------ Given entries ------

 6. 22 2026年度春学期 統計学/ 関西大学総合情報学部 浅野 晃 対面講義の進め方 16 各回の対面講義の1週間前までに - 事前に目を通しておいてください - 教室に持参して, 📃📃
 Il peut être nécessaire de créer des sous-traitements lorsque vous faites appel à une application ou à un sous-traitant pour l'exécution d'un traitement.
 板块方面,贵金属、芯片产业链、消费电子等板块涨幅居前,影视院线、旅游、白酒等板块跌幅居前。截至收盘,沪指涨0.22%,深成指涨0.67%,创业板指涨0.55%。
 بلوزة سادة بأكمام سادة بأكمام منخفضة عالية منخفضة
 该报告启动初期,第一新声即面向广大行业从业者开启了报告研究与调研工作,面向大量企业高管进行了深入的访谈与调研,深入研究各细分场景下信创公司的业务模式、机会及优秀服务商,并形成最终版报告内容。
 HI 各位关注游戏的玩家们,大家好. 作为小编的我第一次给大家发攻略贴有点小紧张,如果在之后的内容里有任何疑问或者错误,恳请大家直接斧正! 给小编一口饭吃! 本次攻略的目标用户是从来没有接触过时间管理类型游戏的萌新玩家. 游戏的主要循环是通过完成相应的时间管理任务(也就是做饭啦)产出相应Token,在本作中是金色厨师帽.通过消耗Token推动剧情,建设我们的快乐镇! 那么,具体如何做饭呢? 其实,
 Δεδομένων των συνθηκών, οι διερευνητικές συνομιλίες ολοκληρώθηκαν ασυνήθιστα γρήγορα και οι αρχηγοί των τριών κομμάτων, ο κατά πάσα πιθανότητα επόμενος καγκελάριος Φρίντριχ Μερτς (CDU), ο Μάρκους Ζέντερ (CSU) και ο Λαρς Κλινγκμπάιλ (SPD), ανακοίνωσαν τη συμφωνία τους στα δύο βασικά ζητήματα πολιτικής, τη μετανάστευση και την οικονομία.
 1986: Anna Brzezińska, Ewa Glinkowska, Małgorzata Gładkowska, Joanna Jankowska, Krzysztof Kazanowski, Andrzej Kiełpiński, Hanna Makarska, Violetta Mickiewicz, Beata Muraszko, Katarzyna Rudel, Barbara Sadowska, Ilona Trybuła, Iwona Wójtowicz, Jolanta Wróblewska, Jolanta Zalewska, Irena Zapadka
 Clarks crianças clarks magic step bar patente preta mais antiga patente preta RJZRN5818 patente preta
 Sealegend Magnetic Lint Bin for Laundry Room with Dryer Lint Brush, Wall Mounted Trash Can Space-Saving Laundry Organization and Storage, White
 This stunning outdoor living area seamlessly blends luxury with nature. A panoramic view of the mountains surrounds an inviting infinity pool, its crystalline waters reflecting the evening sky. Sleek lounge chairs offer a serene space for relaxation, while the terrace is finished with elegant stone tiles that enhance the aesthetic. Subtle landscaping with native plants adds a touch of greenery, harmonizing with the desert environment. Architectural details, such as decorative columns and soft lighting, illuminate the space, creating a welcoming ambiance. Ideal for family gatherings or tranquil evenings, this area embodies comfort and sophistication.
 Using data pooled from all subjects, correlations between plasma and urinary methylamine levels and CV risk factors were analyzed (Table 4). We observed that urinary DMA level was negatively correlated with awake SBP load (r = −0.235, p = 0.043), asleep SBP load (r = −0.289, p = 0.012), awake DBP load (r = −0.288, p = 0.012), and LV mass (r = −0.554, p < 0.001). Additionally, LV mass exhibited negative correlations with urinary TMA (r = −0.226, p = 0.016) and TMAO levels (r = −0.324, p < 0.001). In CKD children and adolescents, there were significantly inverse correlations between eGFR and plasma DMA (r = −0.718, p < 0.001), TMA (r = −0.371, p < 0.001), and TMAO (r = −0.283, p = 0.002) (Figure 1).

------

▸ **Instructions for the task**
Would you report every line of the entries above containing the word "that"?

▸ **Output of the exercise**
 This stunning outdoor living area seamlessly blends luxury with nature. A panoramic view of the mountains surrounds an inviting infinity pool, its crystalline waters reflecting the evening sky. Sleek lounge chairs offer a serene space for relaxation, while the terrace is finished with elegant stone tiles that enhance the aesthetic. Subtle landscaping with native plants adds a touch of greenery, harmonizing with the desert environment. Architectural details, such as decorative columns and soft lighting, illuminate the space, creating a welcoming ambiance. Ideal for family gatherings or tranquil evenings, this area embodies comfort and sophistication.
 Using data pooled from all subjects, correlations between plasma and urinary methylamine levels and CV risk factors were analyzed (Table 4). We observed that urinary DMA level was negatively correlated with awake SBP load (r = −0.235, p = 0.043), asleep SBP load (r = −0.289, p = 0.012), awake DBP load (r = −0.288, p = 0.012), and LV mass (r = −0.554, p < 0.001). Additionally, LV mass exhibited negative correlations with urinary TMA (r = −0.226, p = 0.016) and TMAO levels (r = −0.324, p < 0.001). In CKD children and adolescents, there were significantly inverse correlations between eGFR and plasma DMA (r = −0.718, p < 0.001), TMA (r = −0.371, p < 0.001), and TMAO (r = −0.283, p = 0.002) (Figure 1).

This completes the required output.